The general least-squares equation is given by \(r = \beta + e\left( {r \cdot \cos \vartheta } \right)\), and to find the associated least-squares curve, the values of \(\beta ,e\) are required, so find the values of \(\beta ,e\) by using normal equation.

By using the obtained information from step 2, the normal equation will be,

\(\beta = {\left( {{X^T}X} \right)^{ - 1}}{X^T}{\bf{y}}\)

That implies:

\(\left( {\begin{aligned}{{}}\beta \\e\end{aligned}} \right) = {\left( {{{\left( {\begin{aligned}{{}}1&{3\cos .88}\\1&{2.3\cos 1.1}\\1&{1.65\cos 1.42}\\1&{1.25\cos 1.77}\\1&{1.01\cos 2.14}\end{aligned}} \right)}^T}\left( {\begin{aligned}{{}}1&{3\cos .88}\\1&{2.3\cos 1.1}\\1&{1.65\cos 1.42}\\1&{1.25\cos 1.77}\\1&{1.01\cos 2.14}\end{aligned}} \right)} \right)^{ - 1}}{\left( {\begin{aligned}{{}}1&{3\cos .88}\\1&{2.3\cos 1.1}\\1&{1.65\cos 1.42}\\1&{1.25\cos 1.77}\\1&{1.01\cos 2.14}\end{aligned}} \right)^T}\left( {\begin{aligned}{{}}3\\{2.3}\\{1.65}\\{1.25}\\{1.01}\end{aligned}} \right)\)

Use the following steps to find the associated values for the obtained data in MATLAB.

1. Enter the data \(\left( {\begin{aligned}{{}}\beta \\e\end{aligned}} \right) = {\left( {{{\left( {\begin{aligned}{{}}1&{3\cos .88}\\1&{2.3\cos 1.1}\\1&{1.65\cos 1.42}\\1&{1.25\cos 1.77}\\1&{1.01\cos 2.14}\end{aligned}} \right)}^T}\left( {\begin{aligned}{{}}1&{3\cos .88}\\1&{2.3\cos 1.1}\\1&{1.65\cos 1.42}\\1&{1.25\cos 1.77}\\1&{1.01\cos 2.14}\end{aligned}} \right)} \right)^{ - 1}}{\left( {\begin{aligned}{{}}1&{3\cos .88}\\1&{2.3\cos 1.1}\\1&{1.65\cos 1.42}\\1&{1.25\cos 1.77}\\1&{1.01\cos 2.14}\end{aligned}} \right)^T}\left( {\begin{aligned}{{}}3\\{2.3}\\{1.65}\\{1.25}\\{1.01}\end{aligned}} \right)\) in the tab in the form of \({\left( {{{\left( {\begin{aligned}{{}}1&{3\cos .88}\\1&{2.3\cos 1.1}\\1&{1.65\cos 1.42}\\1&{1.25\cos 1.77}\\1&{1.01\cos 2.14}\end{aligned}} \right)}^T}\left( {\begin{aligned}{{}}1&{3\cos .88}\\1&{2.3\cos 1.1}\\1&{1.65\cos 1.42}\\1&{1.25\cos 1.77}\\1&{1.01\cos 2.14}\end{aligned}} \right)} \right)^{ - 1}}{\left( {\begin{aligned}{{}}1&{3\cos .88}\\1&{2.3\cos 1.1}\\1&{1.65\cos 1.42}\\1&{1.25\cos 1.77}\\1&{1.01\cos 2.14}\end{aligned}} \right)^T}\left( {\begin{aligned}{{}}3\\{2.3}\\{1.65}\\{1.25}\\{1.01}\end{aligned}} \right)\).
2. Use colons after that and press ENTER.
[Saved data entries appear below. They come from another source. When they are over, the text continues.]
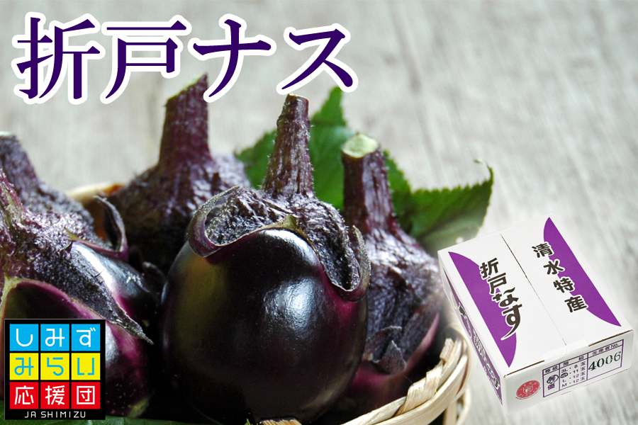 世界遺産にも認定された「三保の松原」に近い清水地区の折戸地域で栽培が行われていて、原種に近いためトゲが鋭いですが、丸い形で果肉が緻密でナスらしいコクのある濃厚な味わいとなっています。歴史を感じながら「折戸なす」をご賞味ください。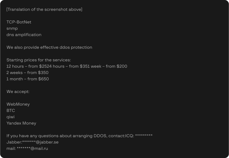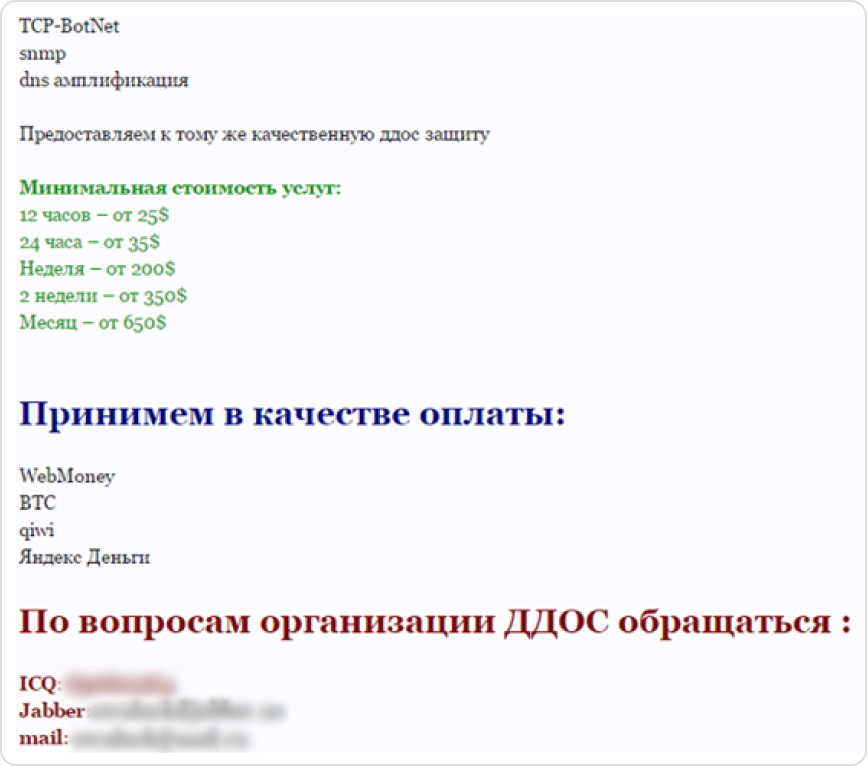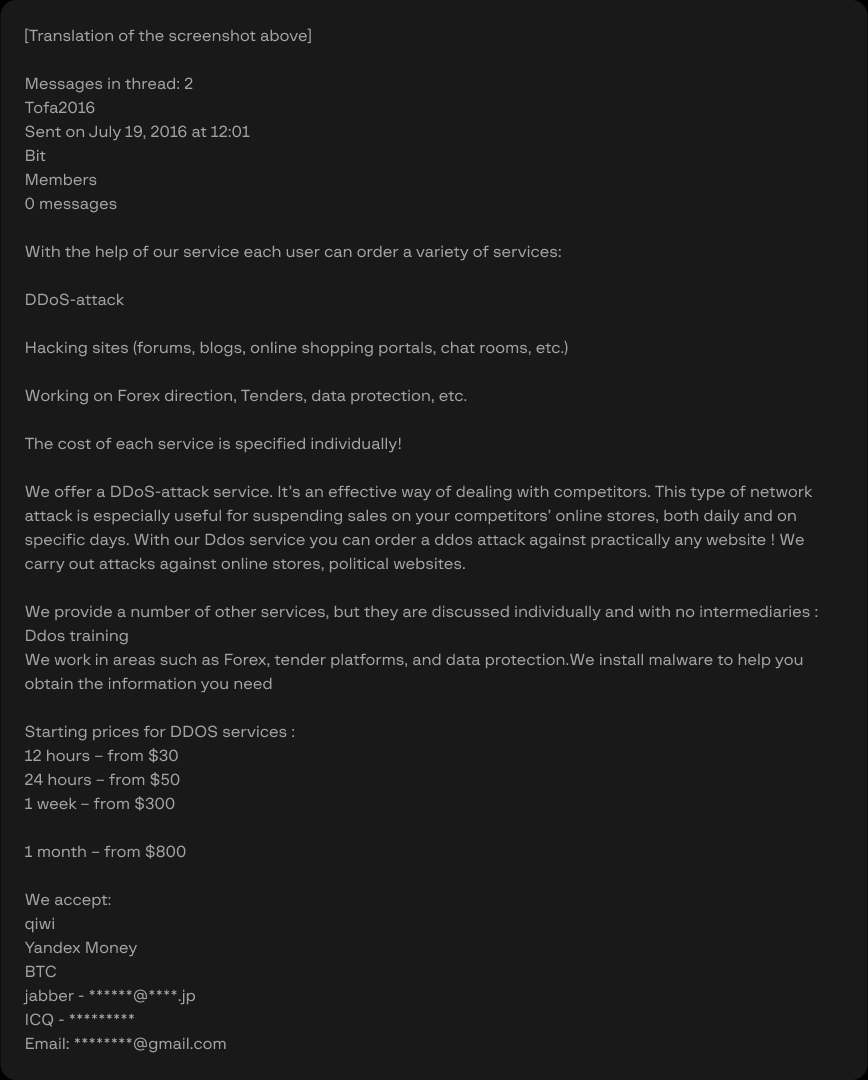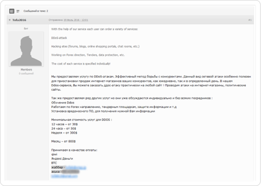 Initially, Group-IB investigators possessed the web server logs of the attack, email addresses and Skype accounts of the attackers. They also shared various payment credentials with the victims. By analyzing this set of data, our specialists were able to identify some accounts on hacking forums associated with the cybercriminals. These accounts were used to advertise DDoS attack services.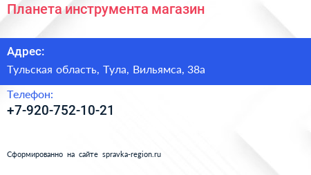 Планета инструмента, магазин по адресу Тульская область, Тула, Вильямса, 38а в дальнейшем Организация, размещена в следующих категориях:

So, the value of \(\left( {\begin{aligned}{{}}\beta \\e\end{aligned}} \right)\) is \(\left( {\begin{aligned}{{}}{1.45}\\{0.811}\end{aligned}} \right)\).
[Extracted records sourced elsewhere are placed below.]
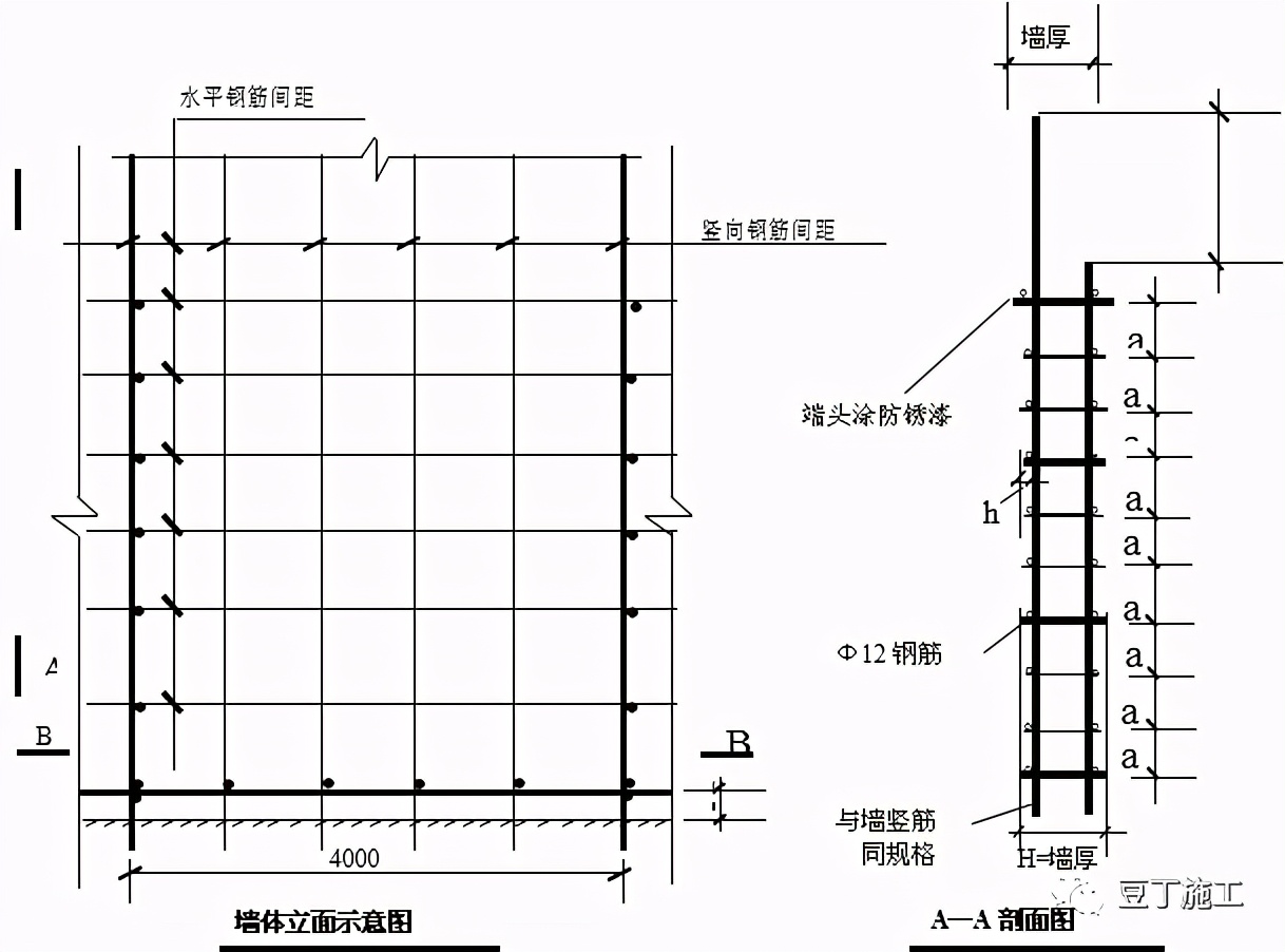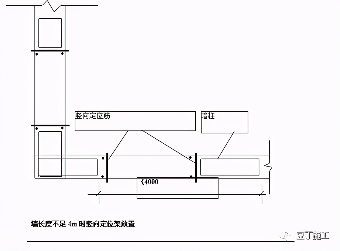 制作方法:梯架钢筋与墙竖向钢筋同规格、同牌号,要求2根梯架钢筋一长一短,留出绑扎搭接接头错开距离L,上中下至少设置3根与墙同宽的梯凳筋(兼做撑筋),两端必须用砂轮切割机切平并涂上防锈漆,其余梯凳筋长度应为H-10mm(即梯凳筋端头保护层为5mm),梯凳筋与梯架筋点焊即可。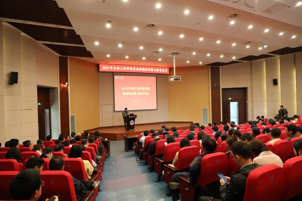 4月21日,生物工程学院党委师德师风警示教育会议在远东报告厅举行,生物工程学院、粮食发酵工艺与技术国家工程实验室、未来食品科学中心教职工参加会议。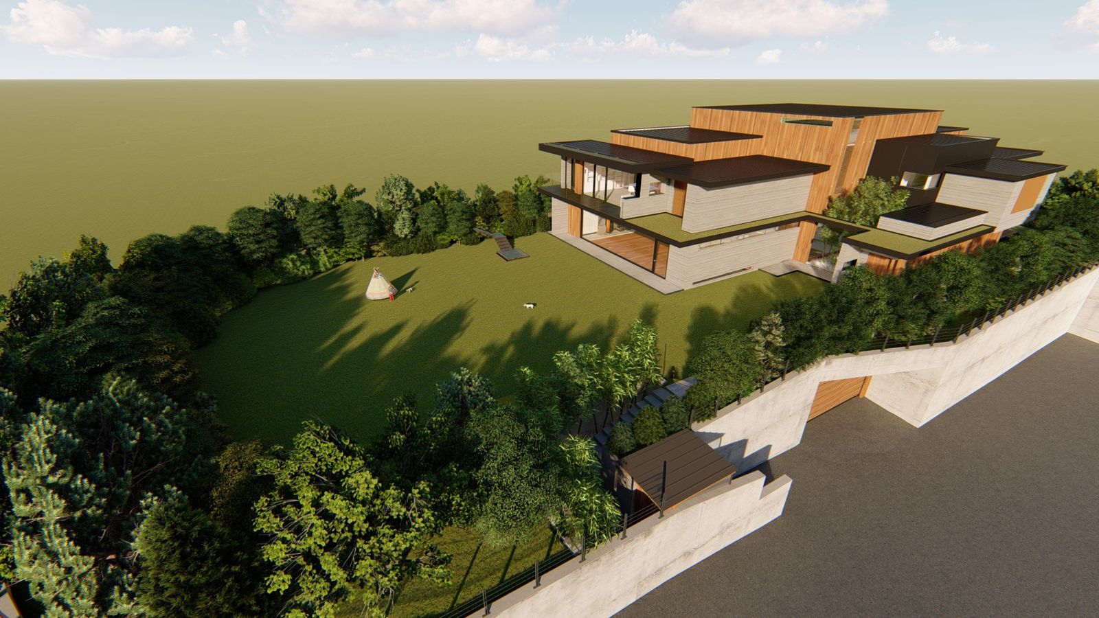 A walled off fancy house with a large lawn in the middle of the city, and with a bunker to boot, seems like the dream.

As, \(e = 0.811\) which is less than 1, so the orbit is of elliptical form.

Now, substitute the obtained values into \(r = \beta + e\left( {r \cdot \cos \vartheta } \right)\).

\(r = 1.45 + 0.811\left( {r \cdot \cos \vartheta } \right)\)

For \(\vartheta = 4.6\), \(r = 1.33\).

So, the required valueof\(r\) is \(1.33\).